The Great Pumpkin Is Not Coming!

OK,
I admit it: I've grown weary of Halloween. Something about
those blow-up yard ornaments makes me fantasize about lightening.
Then, there are the designer pumpkins and fly-by-night stores
chockfull of cheesy costumes. I yearn for the make-your-own
costume when a bandana could transform anyone into a cowgirl
or railroad engineer. And, while the brilliance of Charles Shultz
cannot be denied, I find the time-honored episode about Linus
loyally and eagerly awaiting the Great Pumpkin year after year
unnerving. It pretty much puts to rest the axiom that "anything
worth having is worth waiting for," doesn't it? So, in
the spirit of taking the proverbial pumpkin by the stem (sorry!),
we offer the following "treats" to help you strengthen
your case for a solid channel budget during this year's planning
season.
For
starters, the most important question to revisit is "what
does your company really need from partners?"
If
your revenue plan is highly dependent on partners to reach new
markets, the marketing dollars allocated to branding and demand
generation should not significantly dwarf the amount of money
budgeted for channels. While it's rarely a 50/50 split, the
investment in partners and customers should be rationalized.
Once
the split is determined, it's helpful to think about the partner
lifecycle when allocating the channel portion. Call the functions
what you like, but ultimately, companies in pursuit of partner
revenue need to recruit, enable, and develop partners to drive
that revenue. It's no different than what you do for your
sales people, and mirrors the customer acquisition process.

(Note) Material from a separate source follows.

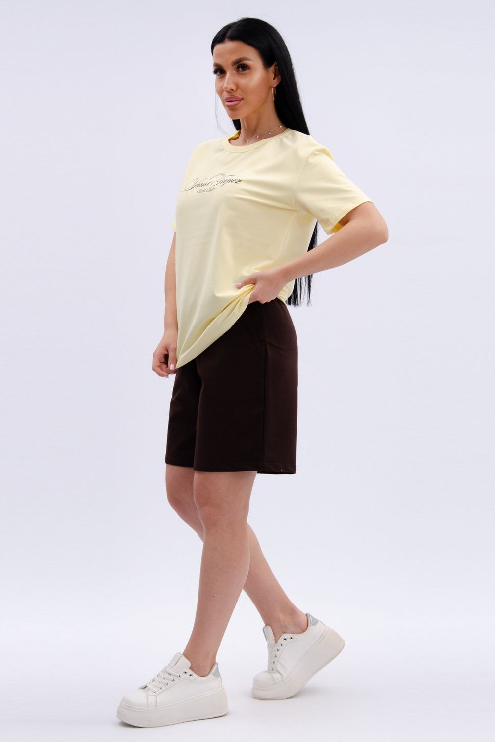 Стильный женский костюм - отличное дополнение гардероба на летний сезон. Этот комфортный комплект идеально подходит для отдыха дома или прогулок по свежему воздуху. Изготовленный из легких и дышащих тканей, он обеспечит вам максимальное удобство в жаркую погоду. Двойка состоит из футболки и шорт, которые созданы для того, чтобы дарить ощущение свободы и легкости, позволяя вам наслаждаться каждой минутой. Модель предлагается в больших размерах, что позволяет каждой женщине найти подходящий вариант. В нем вы будете чувствовать себя уверенно, независимо от того, проводите ли вы время за чтением книги в любимом кресле или готовите ужин на кухне. Такой комплект станет отличным выбором как для отдыха, так и для активного времяпрепровождения дома. Он станет вашим верным спутником на протяжении всего теплого времени года, придавая вашему стилю легкость и непринужденность. Этот костюм позволит насладиться комфортом и стилем в любой ситуации.

Yet, it's often minimized for partners when it comes to budget
season.
If
you think about where your company's indirect channel growth
is along the "partner acquisition" continuum,
the percentage of money that you should allocate becomes clearer.
1)
Recruitment
If you have all the partners you
need, this portion of the budget will be relatively small.
If, on the other hand, you're just beginning your partner
initiative,
investment will be critical to attracting
high quality, good fit partners.
Recruitment budgets generally include recruitment
collateral, sales tools, and
web-based processes. It also accounts for
channel sales resources and
back-end account management infrastructure.
2)
On-Boarding
An often overlooked part of the
budget, on-boarding is essential to getting your partners
trained and operationally able to sell. Perhaps too obvious,
but if there
isn't money to enable partners, it's
not a wise use of money to recruit them.
This is also the
place to look when management asks why partners aren't
selling more. On-boarding budgets fund
partner sales, technical training, and
operational infrastructure.
3) Development
Once partners are functionally
ready and able to sell, let the marketing begin.
Your investment may vary based on your
objectives, product, and services, but
these are the dollars dedicated to
programs and tools that help partners reach
new markets, convert prospects to
sales, and ultimately, operate independently from
you. This is where the beauty of leverage begins to take off.
Development budgets are not
only where market development funds reside, but also where
you account for communication vehicles
to your partners (like collateral,
e-newsletters, partner councils,
web portals, joint case studies, etc.)
4)
Sales
Largely a headcount expense,
the Sales bucket accounts for the people that
work with your partners to develop partnerships,
and the selling tools that are
critical here, like ROI analyses and pipeline
management.
As
you plow through the fiscal planning season, may you receive
the entire budget you need to stay ahead of the curve, and may
you enjoy all the leftover Halloween candy you can digest.